== Exercise objective ==
Every line of the material must be given again verbatim. Skip the images.

== Data extract ==
----------

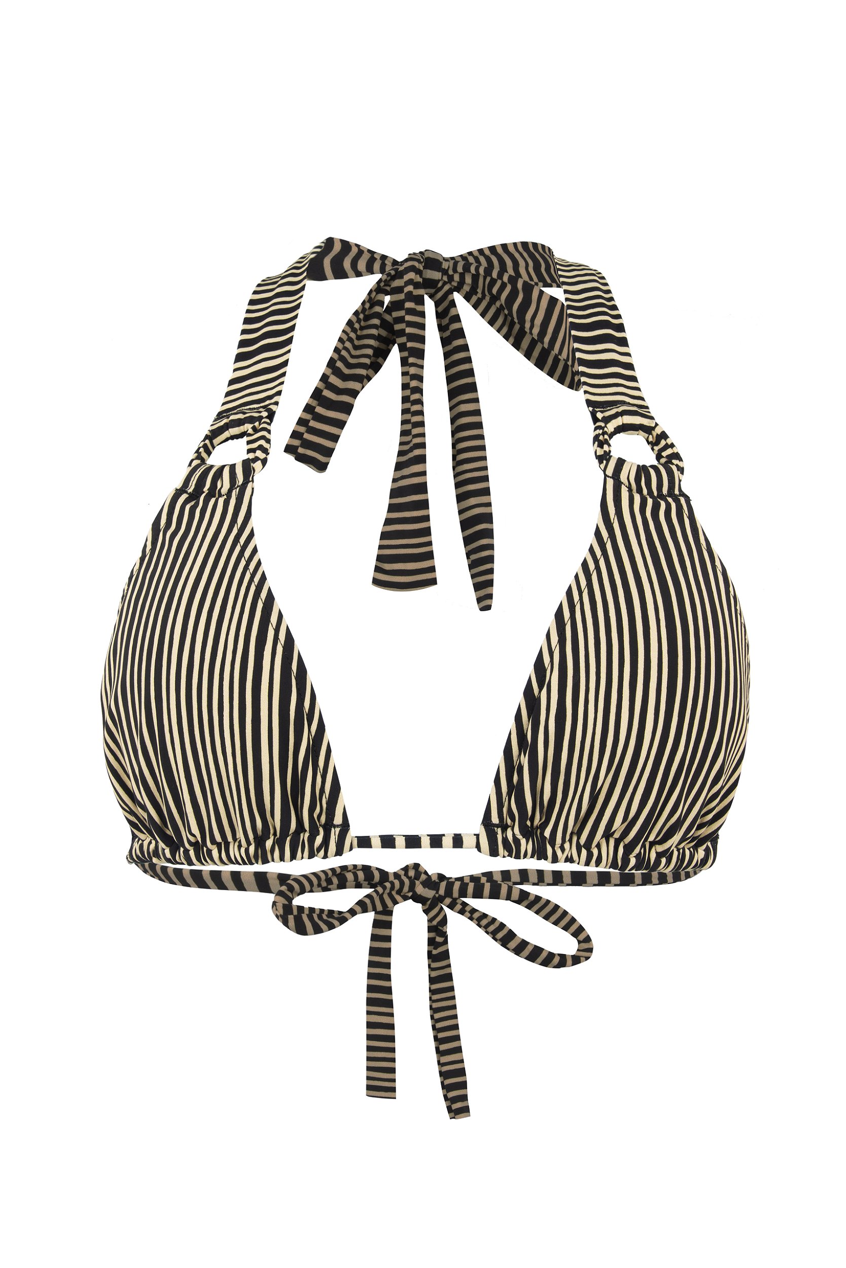 Top cortininha estampado, com detalhe de elo nas alças. Possui forro duplo e bojo removível. Confeccionado em tecido macio e confortável, de rápida secagem, composto por poliamida e elastano.
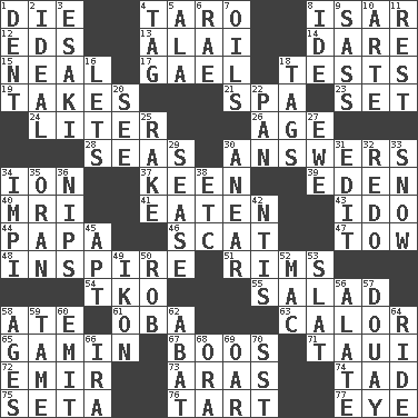 ACROSS 1. Pass on 4. Pacific island yam 8. Austrian river, tributary to the Danube 12. Begley and Asner 13. Jai ____ 14. Have the gumption 15. Anneal 17. Highlander 18. Trials 19. Proceeds 21. Health resort 23. Put into a specified state 24. 61 cubic inches 26. Grow older 28. Oceans 30. Replies (to) 34. Electrically charged atom 37. Peachy ____! 39. Paradise 40. Medical imaging device (abbr.) 41. Eroded 43. Wedding promise 44. Dad 46. Leave at once 47. Pull behind 48. Motivate 51. Basketball hoops 54. Ring climax 55. Vegetable dish 58. Had dinner 61. Chief or king in Benin or Nigeria 63. Bodily heat indicating an inflammation 65. Homeless child 67. Expressions of contempt or scorn 71. "Change" in Tahitian 72. Arab leader 73. Caspian sea tributary 74. Small boy 75. Stalk of a moss capsule 76. Small pie 77. Sight organ DOWN 1. Gouge 2. Perfect 3. 1973 Nobel Price Winner (Physics) Leo 4. Label 5. Insect wing 6. Actress Charlotte 7. Petroleums 8. Binary compound 9. Backtalk 10. Johnson of "Laugh-In" 11. Respite 16. Allows 18. Labels 20. Observe 22. Baking dish 25. Immoral or dissolute person 27. She-sheep 29. Gospel singer Marvin 30. Approach 31. Prepare for publication 32. Redecorate 33. Frozen precipitation 34. Body of Kaffir warriors 35. Northwest Algerian city 36. Cuts off 38. And so on (abbr.) 42. Nuclear Threat Initiatives 45. Fitting 49. Visual representation of an object 50. Director Reiner 52. Apple computer (short form) 53. Narrow board 56. Having winglike extensions 57. A city in N France, SE of Calais 58. Matures 59. Not wild 60. Send forth 62. Blind as ____ 64. Travel on or in a vehicle 66. Lyricist Gershwin 68. Mouth or opening 69. Boat paddle 70. Fast jet (abbr.)
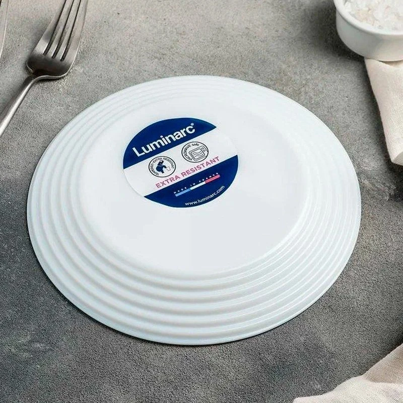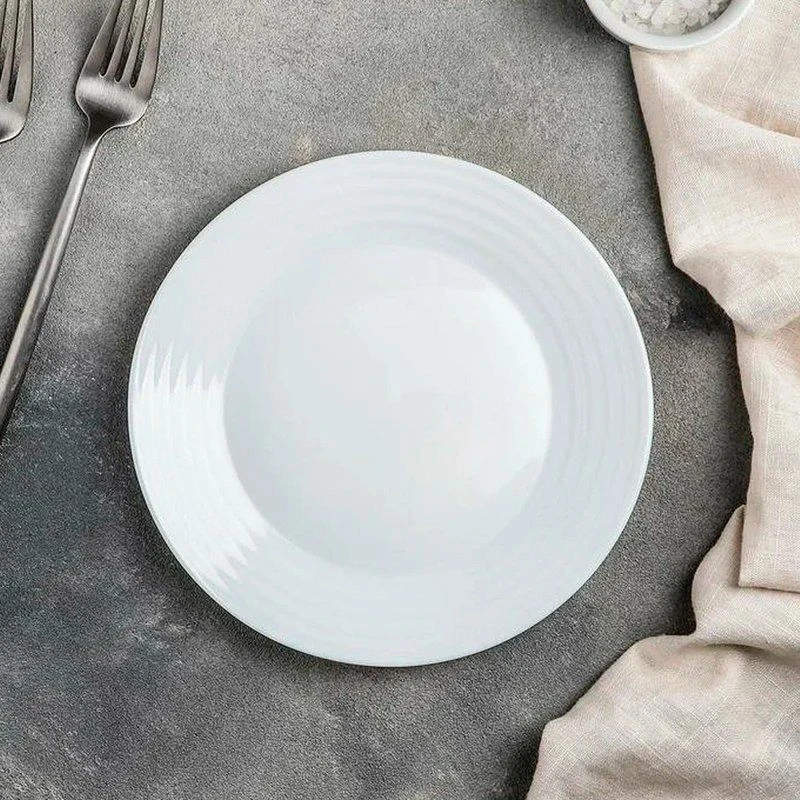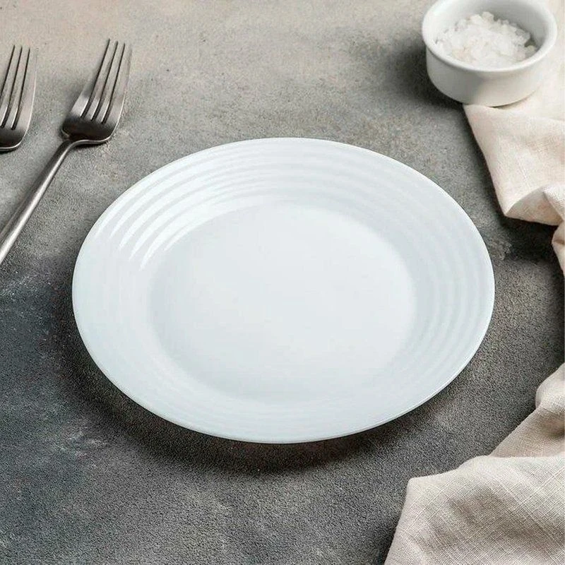 Тарелка серии Арена выполнена из ударопрочного стекла, устойчивого к резким перепадам температуры. Возможно использование в посудомоечной машине и СВЧ.

----------

== Answer ==
 Top cortininha estampado, com detalhe de elo nas alças. Possui forro duplo e bojo removível. Confeccionado em tecido macio e confortável, de rápida secagem, composto por poliamida e elastano.
 ACROSS 1. Pass on 4. Pacific island yam 8. Austrian river, tributary to the Danube 12. Begley and Asner 13. Jai ____ 14. Have the gumption 15. Anneal 17. Highlander 18. Trials 19. Proceeds 21. Health resort 23. Put into a specified state 24. 61 cubic inches 26. Grow older 28. Oceans 30. Replies (to) 34. Electrically charged atom 37. Peachy ____! 39. Paradise 40. Medical imaging device (abbr.) 41. Eroded 43. Wedding promise 44. Dad 46. Leave at once 47. Pull behind 48. Motivate 51. Basketball hoops 54. Ring climax 55. Vegetable dish 58. Had dinner 61. Chief or king in Benin or Nigeria 63. Bodily heat indicating an inflammation 65. Homeless child 67. Expressions of contempt or scorn 71. "Change" in Tahitian 72. Arab leader 73. Caspian sea tributary 74. Small boy 75. Stalk of a moss capsule 76. Small pie 77. Sight organ DOWN 1. Gouge 2. Perfect 3. 1973 Nobel Price Winner (Physics) Leo 4. Label 5. Insect wing 6. Actress Charlotte 7. Petroleums 8. Binary compound 9. Backtalk 10. Johnson of "Laugh-In" 11. Respite 16. Allows 18. Labels 20. Observe 22. Baking dish 25. Immoral or dissolute person 27. She-sheep 29. Gospel singer Marvin 30. Approach 31. Prepare for publication 32. Redecorate 33. Frozen precipitation 34. Body of Kaffir warriors 35. Northwest Algerian city 36. Cuts off 38. And so on (abbr.) 42. Nuclear Threat Initiatives 45. Fitting 49. Visual representation of an object 50. Director Reiner 52. Apple computer (short form) 53. Narrow board 56. Having winglike extensions 57. A city in N France, SE of Calais 58. Matures 59. Not wild 60. Send forth 62. Blind as ____ 64. Travel on or in a vehicle 66. Lyricist Gershwin 68. Mouth or opening 69. Boat paddle 70. Fast jet (abbr.)
 Тарелка серии Арена выполнена из ударопрочного стекла, устойчивого к резким перепадам температуры. Возможно использование в посудомоечной машине и СВЧ.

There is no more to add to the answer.